The Partido para sa Demokratikong Reporma (;  PDR), commonly known as Partido Reporma,  is a political party in the Philippines.

History 
It was founded by former Defense Secretary Renato de Villa when he left the ruling Lakas-NUCD after failing to get the nomination as the party's presidential candidate in the 1998 elections. He chose then Pangasinan governor Oscar Orbos as his running mate. The Lapiang Manggagawa (Workers' Party) forged an electoral alliance with Reporma for the 1998 elections, and the two parties contested in the elections as "Reporma–LM". However, De Villa and Orbos both lost to Joseph Estrada and Gloria Macapagal Arroyo, respectively. The alliance also failed to win seats in the 1998 Philippine Senate election. Haydee Yorac, Roy Señeres, and Rey Langit were among the candidates who failed to win a single seat in the Senate.

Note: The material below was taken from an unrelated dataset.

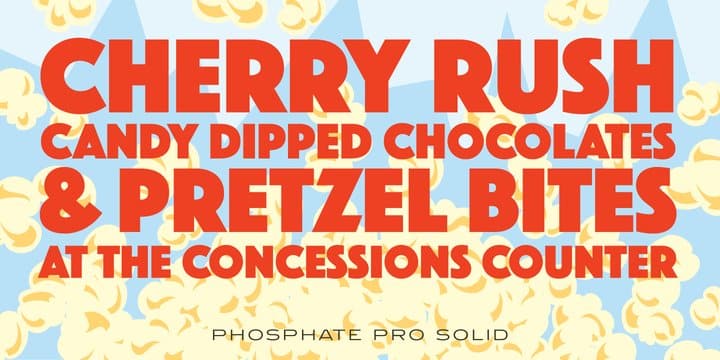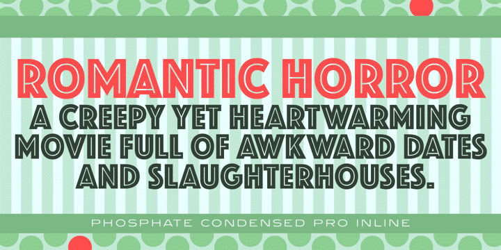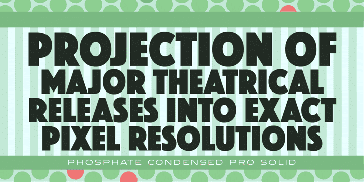 Phosphate Pro is an all-caps sans serif font family with an inline weight, and was created by Steve Jackaman (ITF) and Ashley Muir in 2010. The original Phosphate was published by International TypeFounders, and the family was based on the ‘Phosphor’ typeface created by Jakob Erbar for Ludwig and Mayer, circa 1922-30. Jackaman created a condensed variant, ‘Phosphate Condensed Pro,’ in 2017. Phosphate Pro has incredible presence, and its power shines in display format. Apple, who is notoriously selective about their software choices, included Phosphate Pro in the system fonts for Apple’s OS X 10.10 Yosemite.

In the 2004 elections, Reporma supported the candidacy of former Senator and Education Secretary Raul Roco from Aksyon Demokratiko, in which Reporma forged an electoral alliance with the PROMDI party of Cebu under the name "Alyansa ng Pag-asa" (Alliance of Hope).

The party won one out of 235 seats in the House of Representatives of the Philippines in the 2004 Philippine general election. The Lapiang Manggawa contested in the 2010 elections on their own, while Reporma has faded from the political scene.

In 2020, former speaker Pantaleon Alvarez resigned from the ruling PDP–Laban and accepted de Villa's offer of him becoming secretary-general of the revived Reporma.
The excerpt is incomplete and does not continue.